PZI Teacher Archives

Zen Luminaries: Translator & Author David Hinton in Conversation with Jon Joseph & Friends: No-Gate Gateway & The Blue Cliff Record

Description

Jon Joseph talks with acclaimed translator, scholar, and author David Hinton, on his newest translations, No Gate-Gateway and The Blue-Cliff Record. Includes comments from John Tarrant & PZI Teachers.

Summary

Boundless wind and moon are the eye within the eye,
limitless heaven and earth the lamp beyond the lamp.
A million homes amid dark willows and lit blossoms:
knock on any gate anywhere, and someone will answer.

—Preface to The Blue-Cliff Record

David Hinton writes in his introduction to his newly published translation of The Blue Cliff Record:

There are no answers, only depths … But the depths—oh my, the depths are wondrous indeed! For those depths are beyond the words and explanations and understanding that answers normally entail—and there, anything and anywhere is the answer: willow seed fluff swarming sunlit through afternoon skies, hummingbird probing blue-violet iris blossoms veined gold, someone answering a knock at the courtyard gate …

A commentary on Hinton’s translation of the Wumenguan:

No-Gate Gateway is one of the masterpieces of Chinese literature … No-Gate (i.e., the author) continually criticizes and ridicules the masters, undermining their teaching. He acknowledges their mastery and insight, chooses a tale that illustrates that insight at the deepest possible level, and right there, he’s created the perfect place to dismantle their teaching, thereby redoubling the original sangha-case’s (koan’s) deconstruction of logical thought and explanation.

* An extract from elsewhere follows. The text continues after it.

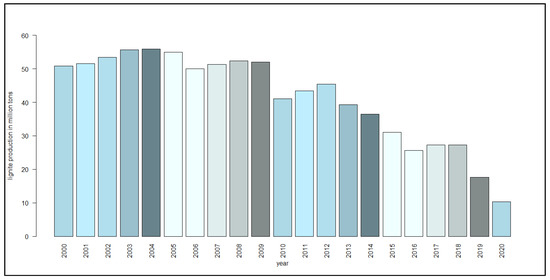 Lignite production (per million tons) in Western Macedonia from 2000 to 2020. Each bar in the barplot indicates the lignite production per year.

No-Gate Gateway’s native philosophical context extends back over two millennia prior to its composition. And yet it remains remarkably contemporary to us, for as we will see it is an empirically grounded spirituality that weaves human consciousness into landscape and cosmos at profound levels.


David Hinton has published numerous books of poetry and essays, and many translations of ancient Chinese poetry and philosophy that create contemporary works of compelling literary power, while also conveying the actual texture and density of the originals. These books are all informed by an abiding interest in deep ecological thinking, in exploring the weave of consciousness and landscape.

This work has earned wide acclaim and many national awards, including a Guggenheim Fellowship and both of the major awards given for poetry translation in the United States: the Landon Translation Award (Academy of American Poets) and the PEN American Translation Award. Most recently, Hinton received a lifetime achievement award from the American Academy of Arts and Letters.

I’ve been translating classical Chinese poetry for many years, and slowly over those years I’ve come to realize that in translation I’ve stumbled upon a way to think outside the limitations not just of the mainstream Western intellectual tradition, but also of my own identity, a way to speak in the voice of ancient China’s sage-masters, and for them to speak in mine.